This study demonstrated a significant reduction in the level of NO^∙ with a corresponding significant increase in levels of L-arginine, ADMA, and 3-nitrotyrosine in pregnant women presenting with preeclampsia compared to normotensive pregnancy (Table 1). While both L-arginine and ADMA were significantly elevated in preeclampsia compared to normotensive pregnancy, the L-arginine/ADMA ratio in the preeclamptic women was significantly reduced. Reduced bioavailability of endothelial-derived NO^∙ is one of the first indications of endothelial dysfunction and has been linked to severe vascular pathologies [21]. There are contradictory reports on the levels of NO^∙ in relation to preeclampsia. The decreased NO^∙ levels observed in women with preeclampsia in our study agrees with the findings of some similar studies [22, 23]. Conversely, other studies observed significantly increased NO^∙ levels in preeclampsia compared to normal pregnancy [9, 24, 25], while others observed no change in NO^∙ levels compared to normal pregnancy [26, 27]. Particularly, a study conducted in Ghana by Adu-Bonsaffoh et al. [9] observed an elevated NO^∙ level in preeclampsia compared to normotensive pregnancy. The authors attributed the elevated NO^∙ levels to a dysregulated compensatory reaction to restore the generalized endothelial damage [9]. Our present study, however, did not only evaluate NO^∙ levels but also assessed the possible factors that could affect NO^∙ synthesis. It is likely that the divergent findings of the other studies may be attributed to the variances in the methods used in NO^∙ estimation, disease severity in the various study groups, and the gestational age at which NO^∙ was evaluated. However, it has been demonstrated that the concentrations of cyclic GMP are consistently reduced in preeclampsia, suggesting decreased NO^∙ bioactivity in preeclampsia [28].

The low NO^∙ levels observed in preeclampsia compared to healthy normotensive pregnancy in this study could be as a result of the endogenous inhibition of eNOS by ADMA. Consistent with previous findings [17, 23, 29–32], this study reports elevated ADMA in preeclamptic women (Table 1). Other studies [33–35], however, observed unchanged ADMA levels in preeclamptic women compared to normotensive pregnancy. It is noteworthy that at optimal concentration, ADMA has very minimal effects on eNOS activity.

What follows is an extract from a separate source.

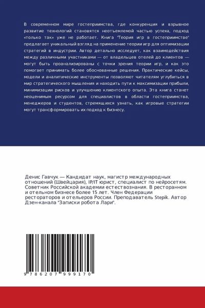 V sowremennom mire gostepriimstwa, gde konkurenciq i wzrywnoe razwitie tehnologij stanowqtsq neot#emlemoj chast'ü uspeha, podhod 'tol'ko tak' uzhe ne rabotaet. Kniga "Teoriq igr w gostepriimstwe" predlagaet unikal'nyj wzglqd na primenenie teorii igr dlq optimizacii strategij w industrii. Awtor detal'no issleduet, kak wzaimodejstwiq mezhdu razlichnymi uchastnikami - ot wladel'cew otelej do klientow - mogut byt' proanalizirowany s tochki zreniq teorii igr, i kak äto pomogaet prinimat' bolee obosnowannye resheniq. Prakticheskie kejsy, modeli i analiticheskie instrumenty pozwolqüt chitatelqm uglubit'sq w mir strategicheskogo myshleniq i nahodit' puti k maximizacii pribyli, minimizacii riskow i uluchsheniü klientskogo opyta. Jeta kniga stanet neocenimym resursom dlq specialistow w oblasti gostepriimstwa, menedzherow i studentow, stremqschihsq uznat', kak igrowye strategii mogut transformirowat' ih podhod k biznesu.

However, an elevated level of ADMA is capable of inhibiting the activity of eNOS [16]. Increased shear stress triggers ADMA synthesis, and elevated ADMA in hypertension may therefore be an epiphenomenon of high blood pressure [36].

L-Arginine bioavailability is a key determinant of NO^∙ formation in the body [16]. There is optimal synthesis of NO^∙ at a physiological level of L-arginine. Interestingly, from this study, the level of L-arginine in both the preeclamptic and normotensive pregnant women were within physiologic limits (Table 1). However, women with preeclampsia had significantly higher L-arginine concentration with correspondingly decreased NO^∙ levels compared to normotensive pregnant women. Conversely, other studies [33, 37] observed decreased serum L-arginine levels in preeclampsia. The low NO^∙ concentration in preeclampsia in spite of adequate L-arginine concentration from this study could be due to the defective transport of L-arginine via the y⁺ transport system [36] or as result of the observed elevated ADMA levels, which competitively inhibit the cellular uptake of L-arginine via the y+ transport system [16].

Furthermore, findings of this study showed increased ONOO⁻ activity and oxidative stress in preeclampsia as evidenced by elevated 3-nitrotyrosine concentrations in preeclampsia (Table 1). In agreement with this study, Noris and his colleagues [38] demonstrated an excess formation of ONOO⁻ in a preeclamptic placenta. ONOO⁻ formation does not only inactivate NO^∙ but also leads to uncoupling of eNOS [39]. Uncoupled eNOS generates O₂^·− rather than NO^∙ [40].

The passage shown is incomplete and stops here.